Doesent sound like he has anything to lose except his data.I say go for it.The worst thing you can lose is a few hours of your time,,,and your data.


----------



## Holiday

Alrighty then. Somebody has to tell me how to make a *Clean Room*!!! 
I will get my data back!


Here's what I'm thinking of so far: I will cut up a big trash bags and tape them together and hang them from the ceiling. so ultimately I will make a little almost air tight environment. Put an air purifier in it and dress myself in scrubs. Then I need to take an identical (good) hard drive, take out the platters and put the platters in it that I need to recover the data from.

So, how does that sound?


----------



## PC eye

Why do you think data recovery services get away with charging high prices? They are equipped for this type of activity. But they are equipped to read the platters individually as well as reading them while in the original casing. Those are precise gaps seen between drive heads and the platters themselves. If you are off only a little when getting the platters into another drive's casing... oops! oh well...


----------



## dznutz

rule is when the external doesn't work try taking the external casing apart and put the hard drive in the pc.  something may be wrong with the controller card.  hopefully you have the right connections and or extra cables.  report back to us after you try this.  

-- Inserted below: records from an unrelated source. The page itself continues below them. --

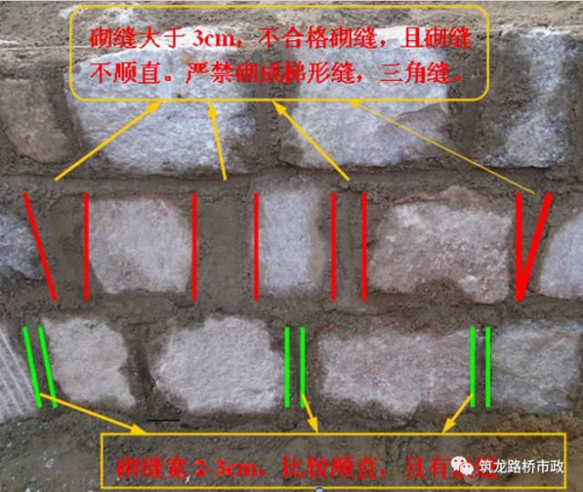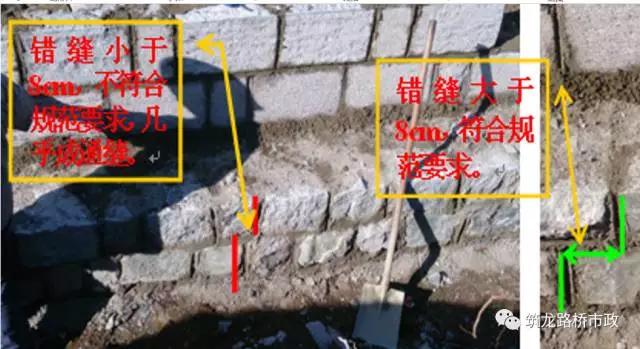 2.3 外层角隅石和镶面石要丁顺相间地与里层砌块立交接成一体,上下层石块也应交错排列,避免竖缝通缝。上下层砌缝错开距离原则上不小于8cm。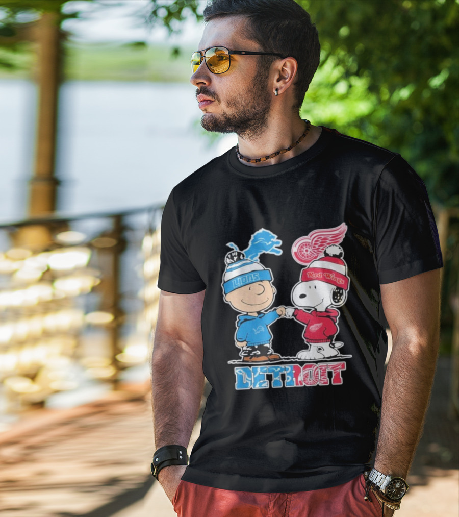Detroit Snoopy Peanuts Fan Lions Red Wings Christmas T-shirt — close-up view, front print.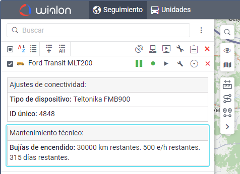 Los intervalos de servicio creados pueden mostrarse en la descripción emergente de la unidad y en la información ampliada de la unidad en la pestaña Seguimiento.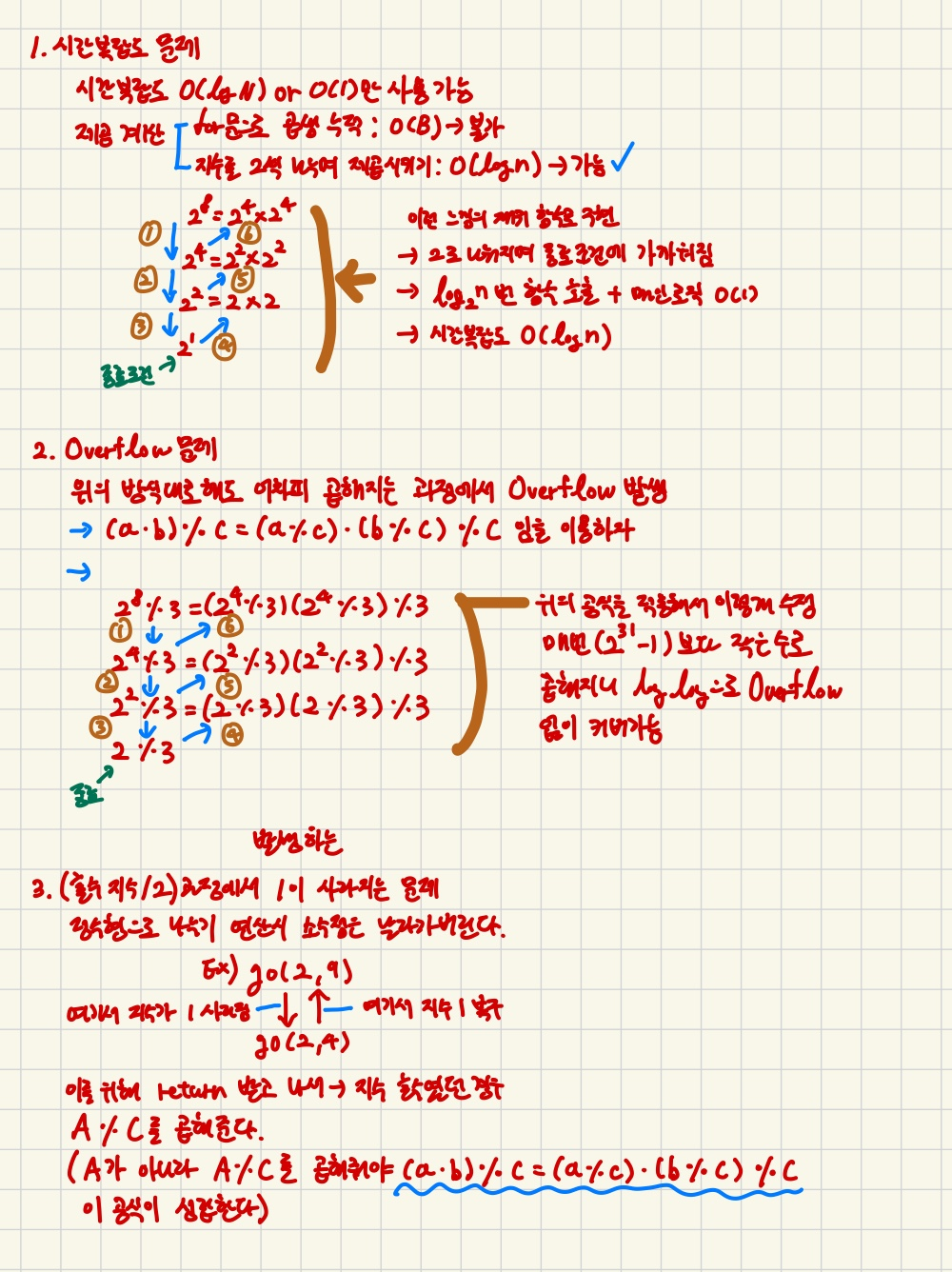 이 문제는 단순해보이지만 정수론에 관련된 문제로 -> 시간 복잡도, overflow, 홀수 지수에 대한 처리까지 총 3가지 난관이 존재한다.

on a side note i wonder when will the majority of users buy another hd for important backups


----------



## patrickv

OP let me tell you something, having experience data loss time and time again, you cannot get an identical drive and swap the platters.
As someone posted you need to be in an anti static Lab.
Even if the smallest particle fell over those platters you're doomed.
i also had that thought when my hard drives burned. but i can't afford those anyways.
You're best bet is to give it to Recovery services somewhere as they have the means and machines to solve your problem.

trust me i know how it feels to lose data.. just do a search on me regarding data loss


----------



## Trizoy

If you plug it in as a secondary sometimes windows can repair HD problems.. But this doesnt sounds good.


----------



## Holiday

dznutz said:


> rule is when the external doesn't work try taking the external casing apart and put the hard drive in the pc.  something may be wrong with the controller card.  hopefully you have the right connections and or extra cables.  report back to us after you try this.
> 
> on a side note i wonder when will the majority of users buy another hd for important backups



It's an internal HD, not external


----------



## PC eye

I presumed that by simply looking in your sig indicating two other drives as well. 

With multiple drives here I never put everything into one basket as far as anything unreplacable. If a drive does go I still have another place to retrieve files from. 

Sometimes data disks become a problem too simply trying to read one burned on a different drive in an older case. The notorious "disk cannot be read" error!


----------